На столе стояла бутылка виски, боль концентрировалась в ее области и он, разумеется, хотел помочь, но потом зашла Эбба, Эбба-эгоистка, она так не любит, чтобы помогали кому-то кроме нее самой... Ее не было дома, он вышел в магазин, он был простужен, он хотел спать, он встретил, было сказано: ты, Йеста, очень красивый... сегодня... всегда... и эротичный. Она пришла, заслышав, за ней хлопнула дверь, она заголосила, как сирена или как две сирены, она орала: я! Красивая! Здесь! Я! Здесь! Эротичная! Совратил!
Эбба, кто дал тебе ключи?
Эбба, ты что, ебанулась на старости лет? Кто пустил тебя в чужой дом?
Эбба, ради всего святого, - он давится воздухом, невразумительно всхлипывает и заходится по-девичьи, широко раскрывая пасть, - если ты хочешь смотреть... закрой рот... и делай это молча.
Я же молчал, Эбба, в чем твоя проблема?
Народы уходили, потому что он устал искать, народы уходили, потому что от бега у него болели ноги, потому что от перегрузок ломило череп, народы уходили и больше не ждали, все черные, белые, желтые, красные, крепкие руки, все черные, белые, желтые, красные члены, все черные, белые, желтые, красные рты. Рано или поздно руки находили руки, члены находили члены, рты находили рты, культ пропал, культ иссяк, потому что не было никакой веры. Не было жертвенников, не было капищ, не было алтарей и скиний, не было овечьей крови и бычьих фаллосов, не было мяса и не было фруктов. Заслышав, как расходится по шву небесное полотно, они все поняли, они опустили руки, они были умны. Они перекопали своих мертвецов, они залечили язвы и перестелили постели. Йесту больше никто не ждал. Он остановился. Он замер, он стал на месте.
Он кончает в простынь и валится сверху, ведет ладонью по промежности, облизывает пальцы. Немного кровит, в целом все приемлемо. Неплохо для первого раза. Внутри него никак не уймется бешеная дрожь. Возможно, где-то не так далеко, на соседней земле, Эбба проснулась и пялится в потолок, не понимая, отчего так злится.
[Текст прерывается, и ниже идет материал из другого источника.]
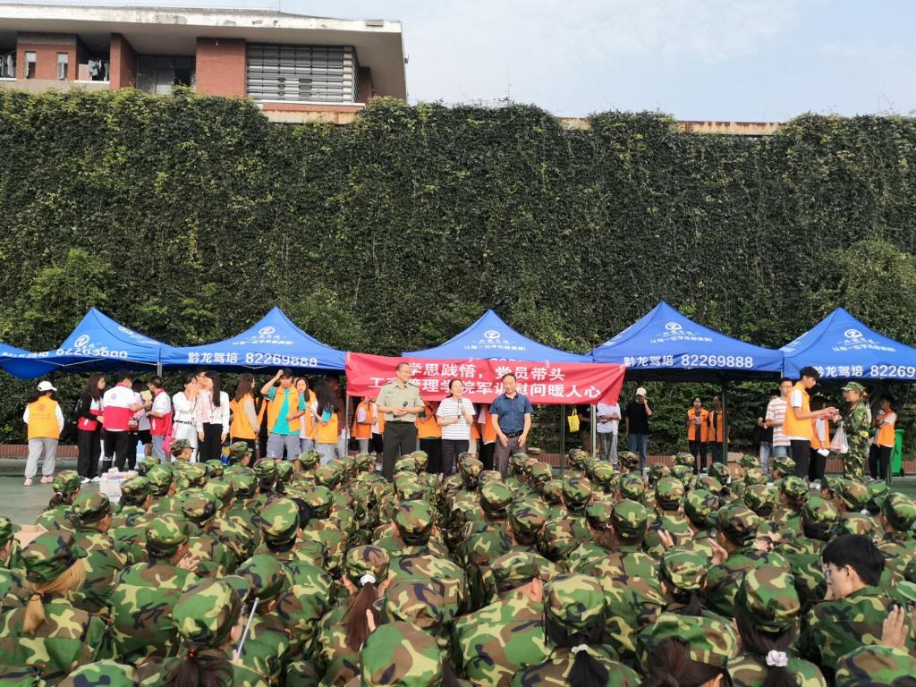 公司领导为在场的所有同学、教官发放精心准备的慰问品,员工代表准备了欢快温馨的节目表演,同学们脸上洋溢出欢快轻松的笑容。

Возможно, где-то в другом воздухе черные, белые, желтые, красные народы воздвигают новые церкви и новые часовни, найдя себе нового полоумного. Он лениво, мечтательно улыбается в постель, расставляет руки, раздвигает ноги, он - выиграл, он - победитель, он - триумфален, он немного узнал, но впереди, конечно, куда больше. - Хочу, - разговаривается очень плохо. Он забирает волосы наверх, прогибается, прижимаясь к Кроули задом, запрокидывает голову ему на плечо. - Теперь я никуда не уйду. Ты понял? Ты больше мне не соврешь, - очень, очень плохо. Для убедительности Йеста снова демонстрирует свои отличные зубы. - Ты понял? Иначе я убью тебя, Питер. Я убью тебя, я тебя задушу, пока... - он зевает, даже не пытаясь прикрыть рот, дергает плечами, хватает голову Кроули за подбородок, держит крепко, не давая двинуться. - ...Пока ты будешь спать... Я ненавижу, Питер, когда мне врут... Ты больше не соврешь.

+1

23

Интервенция. Кроули издает неожиданный громкий смешок. - Долго будешь душить по ходу... - И, вне всякого сомнения, тщательно. Вот уже на повод изъявлен посадить. Уже звеньями позвякивает. Куда приваришь корешок, к батарее? Или к кровати наручниками, так чтоб только до кухни и галюна, не дальше? Гав-гав!
Не мог не расплыться в улыбке.
Бабка так любила его ребенком, ее аж трясло. Как видела так начиналось одно и то же, все гладила, обнимала, жамкала как пластилин, одежду непрестанно поправляла, кормила как слона, подарочки всякие. Кукла Кен...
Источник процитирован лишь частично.